Figure gives the energy distribution for the
software components in both the interpreter and JIT modes.
For example, jack executing the interpreter mode, the instruction accesses consume 60J and data accesses consume 232J. The corresponding energy numbers for the JIT mode are much lower at 10J and 20J respectively.
These results are in consonance with the better locality of
instruction accesses in the interpreter mode as discussed earlier.
In the interpreter mode almost all
the energy is spent in the interpretation and GC and class loading were found to be less than 2%
of the overall energy consumption.
Although execution takes the largest amount of energy in
the JIT mode, the dynamic compilation also consumes a significant amount of
energy. This is due to two main reasons [23].
First, there are abrupt changes in the working
set during dynamic compilation as the code and data structures used by the compiler are different
from that for the rest of the JVM. Thus, when we move to the code generation phase, we experience
poor locality in the cache (data and instruction) accesses, and this in turn causes
more references to the memory (both Imemory and Dmemory). Second, when code is installed after
dynamic compilation, it causes references to main memory.
We observe that (in the JIT mode), on an average, the
dynamic compilation consumes 24% of the overall energy across the benchmarks.
Figure
(d) breaks down the energy consumption
by the hardware components during dynamic compilation and shows
that Imemory and Dmemory are responsible for the bulk of the overhead.
|
In the rest of this discussion, we focus only on the JIT mode since
the energy consumption for the interpreter is dominated entirely by the
interpretation. Figure gives the energy
breakdown of javac into different software components with
different cache configurations.
We observe that (as opposed to class loading and garbage collection)

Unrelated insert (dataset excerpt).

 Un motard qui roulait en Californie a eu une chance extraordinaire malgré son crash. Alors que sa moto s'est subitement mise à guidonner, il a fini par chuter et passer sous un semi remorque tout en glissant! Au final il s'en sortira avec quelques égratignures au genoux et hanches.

the dynamic compilation and execution can take advantage of larger cache sizes.
Data from other experiments [22] show
that the energy consumption during loading is mainly dominated
by compulsory misses. Hence, the number of total misses during loading
is fairly constant across different cache configurations.

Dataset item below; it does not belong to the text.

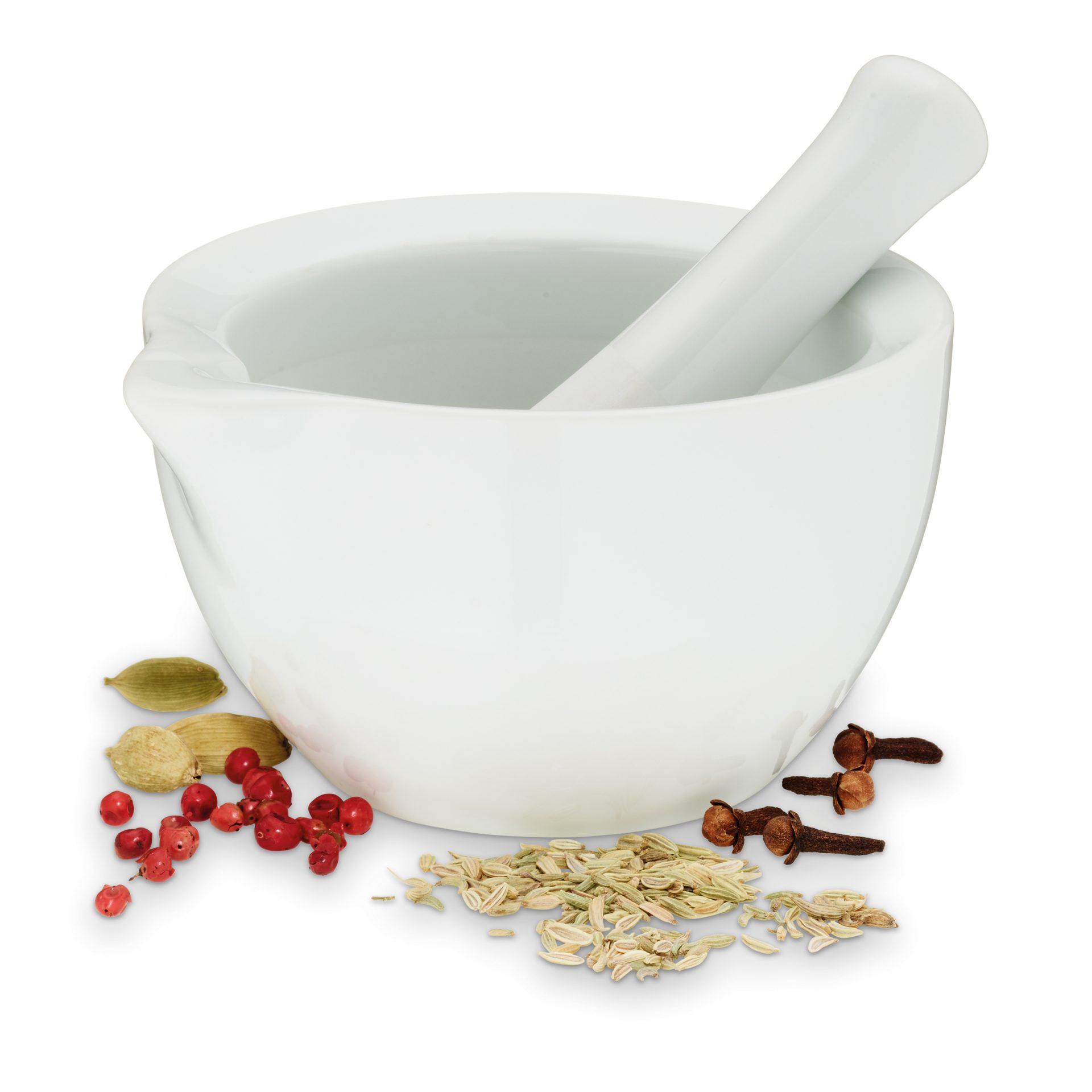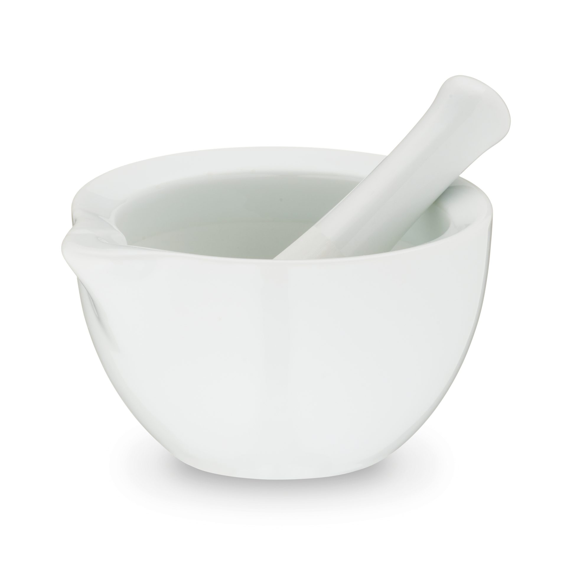 The elegant white porcelain mortar and pestle is the perfect addition to any kitchen, providing you with an easy way to prepare a variety of spices, herbs and other ingredients. This classic combination offers ideal strength and durability, allowing you to easily chop and mix ingredients to the desired consistency. With a height of 6 cm and a diameter of 10 cm, the mortar is compact enough to fit on any kitchen counter, while providing enough space for efficient mixing and crushing. The porcelain ensures that there is no odor or taste absorption, which means that each new use brings fresh aromas and not the remnants of previous mixes. Ideal for cooking enthusiasts, this mortar and pestle is perfect for preparing fresh herbs, such as basil or oregano, or for crushing nuts and spices. Its classic white color adds sophistication to your kitchenware, while being easy to clean and maintain. Regardless of whether you are preparing complex dishes or simple sauces, this mortar and pestle will be your indispensable helper in the kitchen.

However, there are small variations in energy consumption
with changes in cache configuration as the per-access energy cost is affected
not only by number of accesses but also by the energy cost of the tag-matching hardware and
the capacitive load of bit lines.
As can be observed in class loading profile in Figure
(a),
most of the energy is consumed by the data memory.
It should be noted that some Java environments may be running multiple
applications concurrently, in which some of the class loading costs can
be amortized over the different applications [10].
|
|
We see from Figure that the garbage collector
consumes a very small fraction of the energy.
Its energy consumption due to data accesses is higher than that due to
instruction accesses as the garbage collector
code itself is very small (i.e., good Icache locality)
but the data accessed by the GC has a relatively poor locality.
In fact, our detailed analysis shows that
most of the energy expended in data memory is a result of the
the cache misses. More innovation in
improving the data locality of garbage collection will be valuable from energy perspective.
While the absolute energy consumed by the garbage collector is small compared to
overall execution in these experiments,
we believe that the need for more aggressive
garbage collection for limited memory embedded systems will make this component more important.
It must be noted that the energy consumed in the garbage collection
portion is also influenced by the choice of the algorithm and the size
of the heap. The size of the heap can influence the number of times
the garbage collector is invoked.
For example, when we varied the heap size from 24M to 8M,
the energy consumed by garbage collection increases eight fold when
executing mtrt (s100 dataset and JIT compilation mode).
The dataset of the application can also influence the energy consumed by
the garbage collector.
As an example, we found that the GC is responsible for
nearly 14% of total data misses for s100 data set (compared to 7% with s10) in
the JIT mode, for javac, contributing to the overall
energy more significantly. More detailed analysis of these tradeoffs in
garbage collection energy consumption is
beyond the scope of this work and is an interesting area of research in itself.
The execution of compiled code consumes the major chunk of the energy
and Figure
shows the energy distribution for the different hardware and software
components of the JIT mode.
Overall, observing the trends shown in Figure
, it is
interesting to note that different applications in SPEC JVM98 exhibit different
energy behaviors.
For instance,
while mtrt consumes the maximum energy during the execution phase,
its energy consumption is smaller than that of compress during loading, garbage collection,
and dynamic compilation.
The energy consumption in different software components is a function of the number of classes loaded, the size of the
classes, the number of methods compiled, the number of times a method is invoked after compilation,
the heap size determining the frequency of GC invocation, the size of
data set and the heap allocation, and memory access behavior during execution. Since the actual execution
of the compiled code is the dominant component, we need to focus on developing techniques
to reduce the energy consumed by this component.
Optimizations during the JIT compilation phase (e.g., [28,38]) can also potentially improve the
energy efficiency of the execution phase, sometimes at the cost of increasing energy consumption due
to dynamic compilation itself.
Finally, we would like to emphasize that the energy behavior in the different portions of the JVM is
also dependent on the dataset size. We observe from Figure that the share of class
loading and dynamic compilation are comparatively smaller for the s100 dataset as compared to s10 dataset.
|